Although this system is transparently bad, the powerful medallion owners, especially the 20-odd owners of big fleets, and the brokers and lenders who support the industry are among the biggest political givers in mayoral and City Council races and so have thwarted past reform efforts. The difficulty is compounded because government cannot simply expropriate the current medallions from owners who have paid up to $275,000 to purchase them.

But there is a solution that would not involve expropriation and would dramatically lower the cost of operating in the taxi business. At the heart of a new system would be a new set of licenses, which would replace medallions and be renewed every year. When drivers gave them up, the licenses would revert back to the city instead of being sold in the aftermarket at exorbitant prices. They would not constitute property.

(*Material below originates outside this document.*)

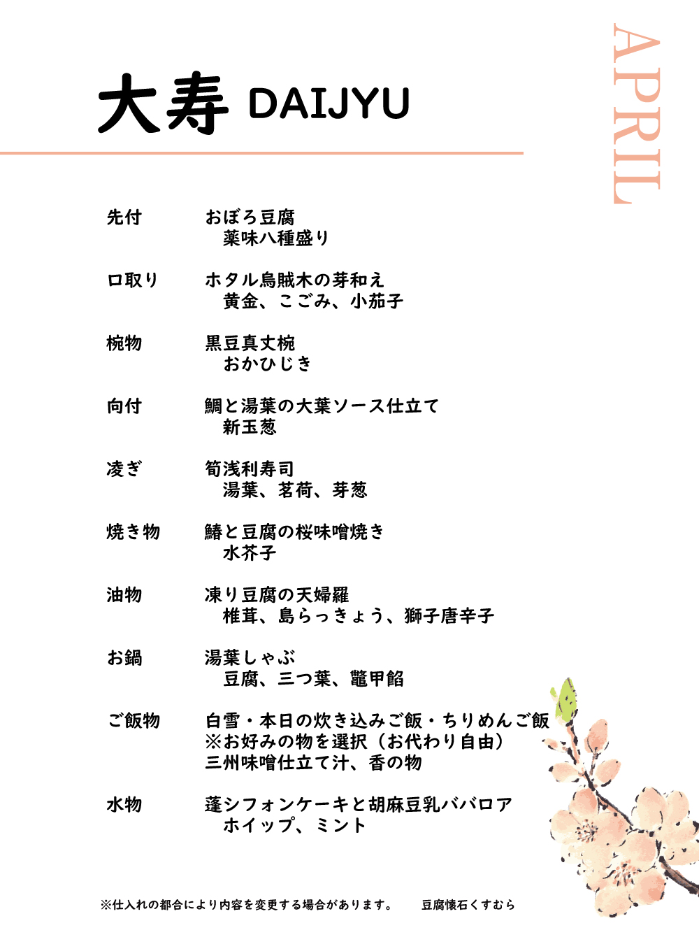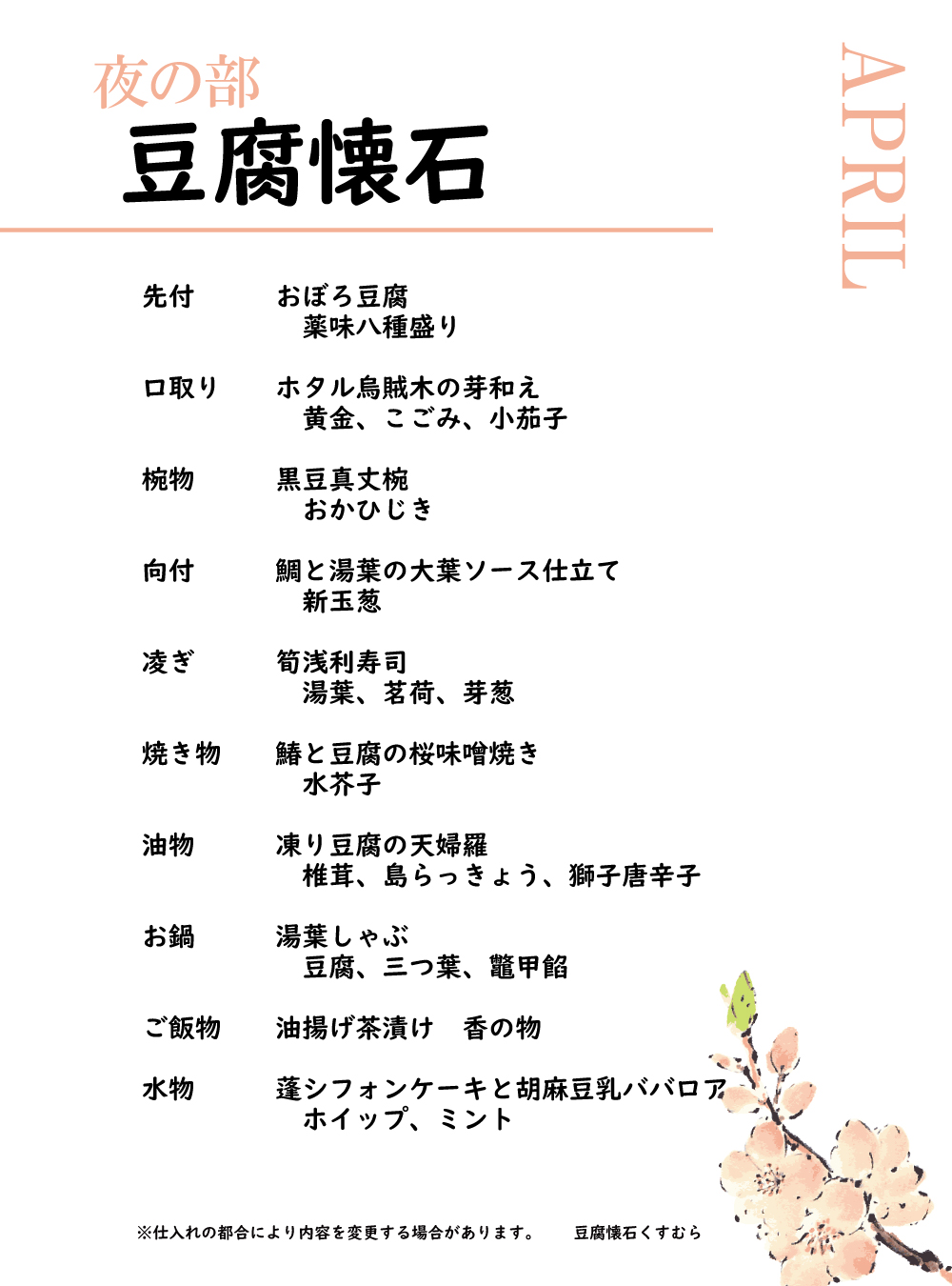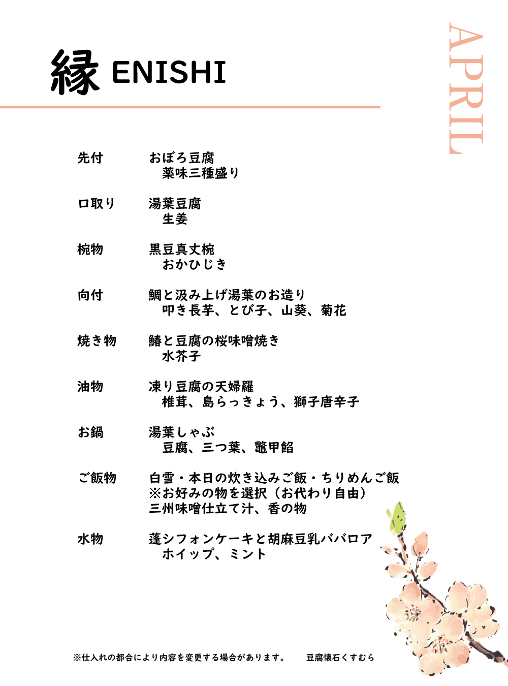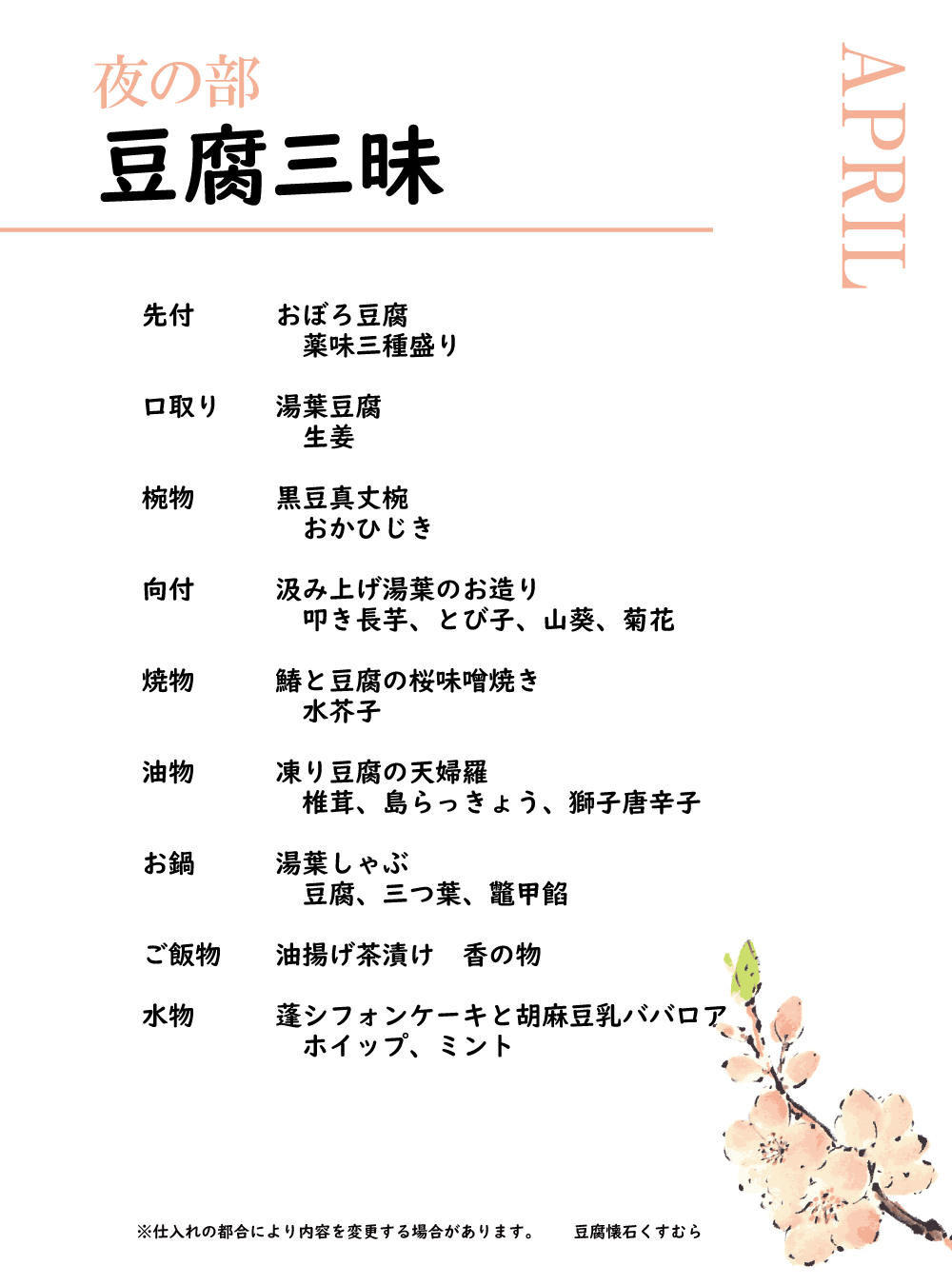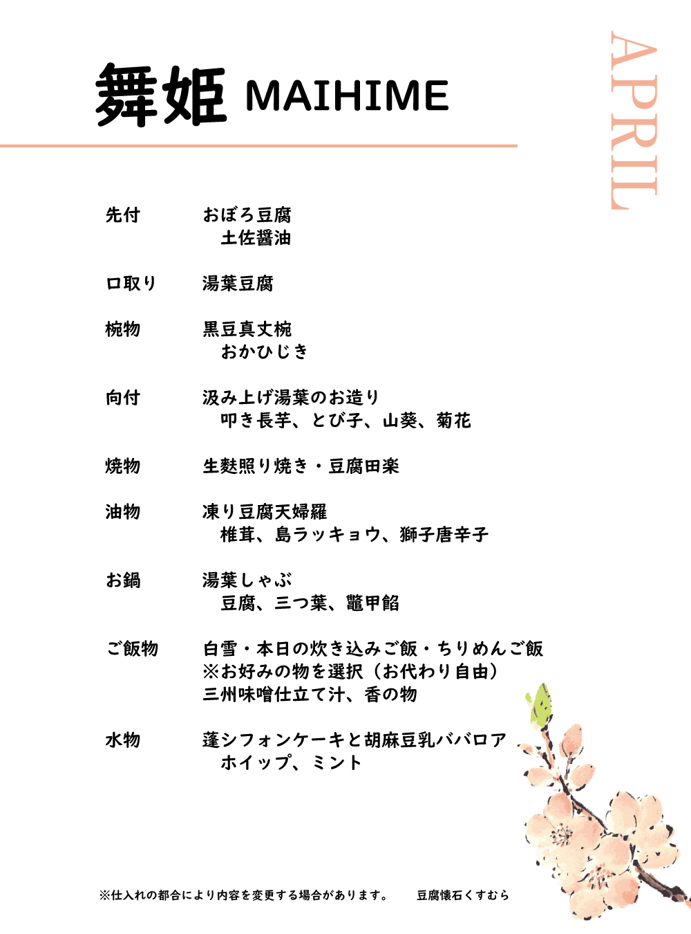 月ごとに献立が変わるため、季節の移ろいとともに、豆腐料理の魅力をお楽しみください。

To institute this new system, the city would have to buy back all its current medallions, at least at the price that medallion owners paid for them. Such a buyback would cost at least hundreds of millions of dollars, but the city could raise the needed funds without taxing the municipal treasury by using the fees that the new licensing system would generate. Under the new system, New York would charge taxi drivers a significant licensing fee, between $5,000 and $10,000 a year. While the price seems steep, it is much less than the $30,000 or so a year that drivers must currently pay in leasing fees to medallion owners. The city would also raise the number of taxi licenses, awarded by lottery to qualified applicants, to about 25,000, to account for the fact that corporate medallions currently are leased to two shifts of drivers a day. This licensing system would raise between $125 million and $250 million a year. Then the city would float a bond offering backed by these dedicated licensing revenues to finance the buyback of medallions. Eventually, when the city paid off the bonds, the money from the licensing fees would accrue to the city, which currently gets no annual benefit from its taxi licenses. By eliminating the medallion holders’ $750 million cut of the $1.3 billion in fares collected annually, the city would not need to raise fares again for at least a decade.

Medallion owners would fight this reform fiercely, but what makes this moment a unique opportunity for change is that term limits have brought into the City Council a host of new members who are not traditional supporters of the taxi owners and owe them little. At the same time, billionaire Mayor Bloomberg, who financed his own election bid, owes nothing to the medallion owners.

Ending the old system should prove a boon to everyone except medallion owners and the hangers-on who support themselves off this government-created market. Taxi drivers will face a much smaller financial burden, allowing them a decent living at current fares. More stability among drivers will mean more knowledgeable and safer cabbie corps. At the same time, the city will be able to demand more of these drivers in the way of safer, more comfortable cabs, fuller insurance coverage, and more driver training. Right now, because of their razor-thin or nonexistent profits, drivers understandably meet every call for new safety measures or other regulation with cries of harassment. The taxi industry is one of the few businesses where regulation makes some sense. But the regulation must benefit the public—not, as it does today, the medallion owners.